>Deep Blue wasn't a very good chess program,
>compared to other programs like Fritz, however it
>had a lot of power
Do you have any EVIDENCE that Fritz is a better
chessprogram than Deep Blue, speed not included?
(You don't, because it's false. Also Deep Blue
made specific tradeoffs based on its speed. And
they could include all the knowledge they wanted
without a speed penalty because they had hardware
to play with. Fritz can't do that, and hence
it has to make compromises and stay dumber)
>And it had something else, it was designed
>completely to counter Kasparov's style, against
>any other opponent it would have played much
>weaker.
Do you have any EVIDENCE to support that?

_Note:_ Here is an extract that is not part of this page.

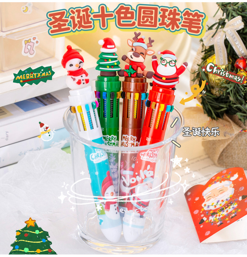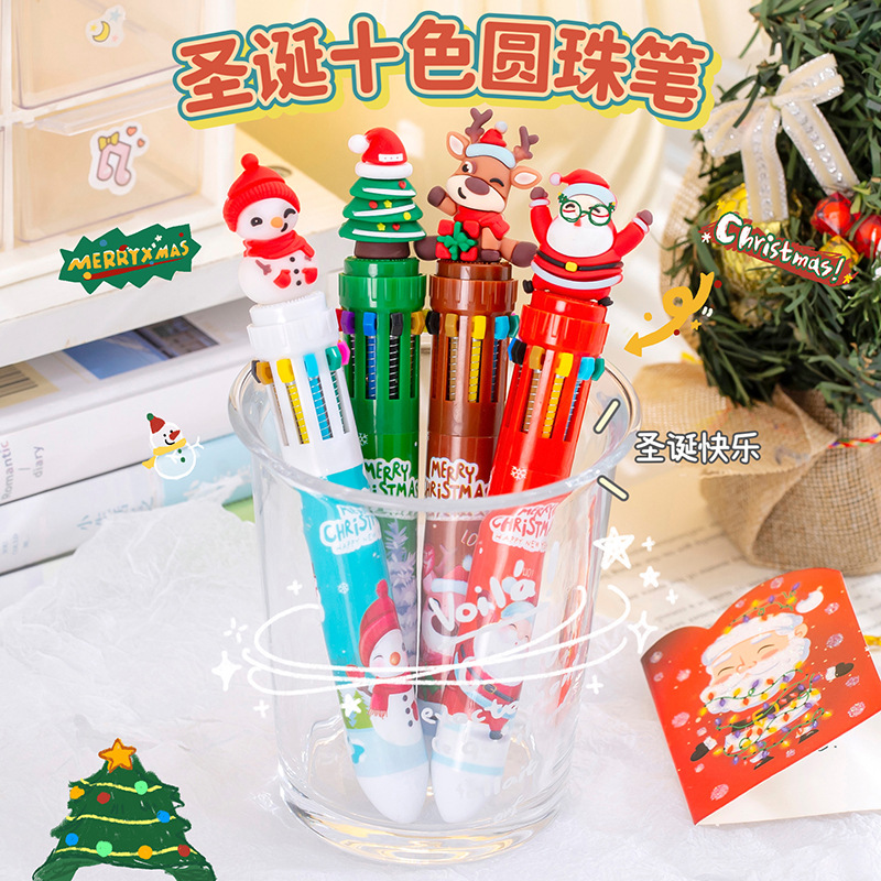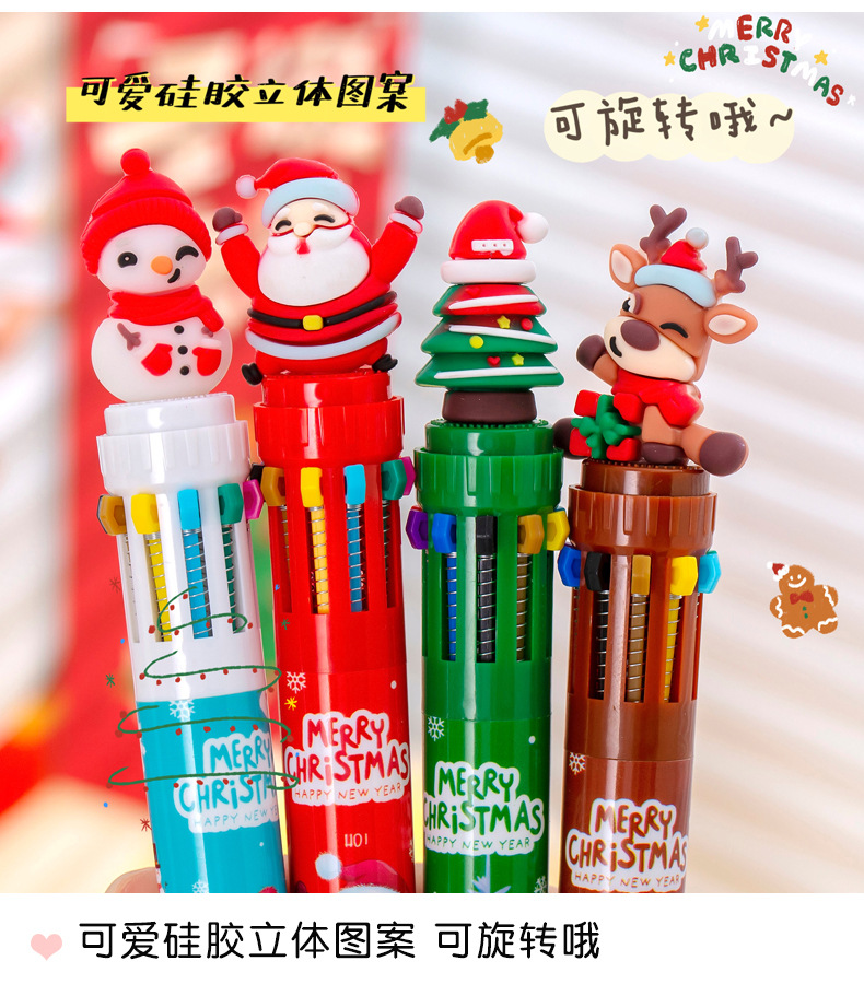 만화 크리스마스 10 색 볼펜 멀티 컬러 1 색 펜 초등학교 선물 프레스 서명 볼펜 도매

Kasparov claimed this, but there is no reason
to believe it's true. He claimed a human made
several of the moves in the games as well.
He also invented a new tree search algorithm
which is extremely strong _when_ it can be
used.
He used a combination of this tree search and
rules (black can't win if this parttern
is present etc..) to solve it.
>about 30 at chess, 10 at checkers,
It's 38 for chess, 2.7 for 8x8 checkers (where
a comp is already world champion)
The use of tree search depends on a lot on
the tactical nature of the game. You can still
use it with a branching factor of over 100 if
the game is tactical enough. (so 5-7 ply searches
beat most humans)
But go needs more longtime planning, and you need
way more depth for that.
>Will they turn the computer off while he is
>resting? Or will it be allowed to continue to do
>exhaustive game tree searches during that time?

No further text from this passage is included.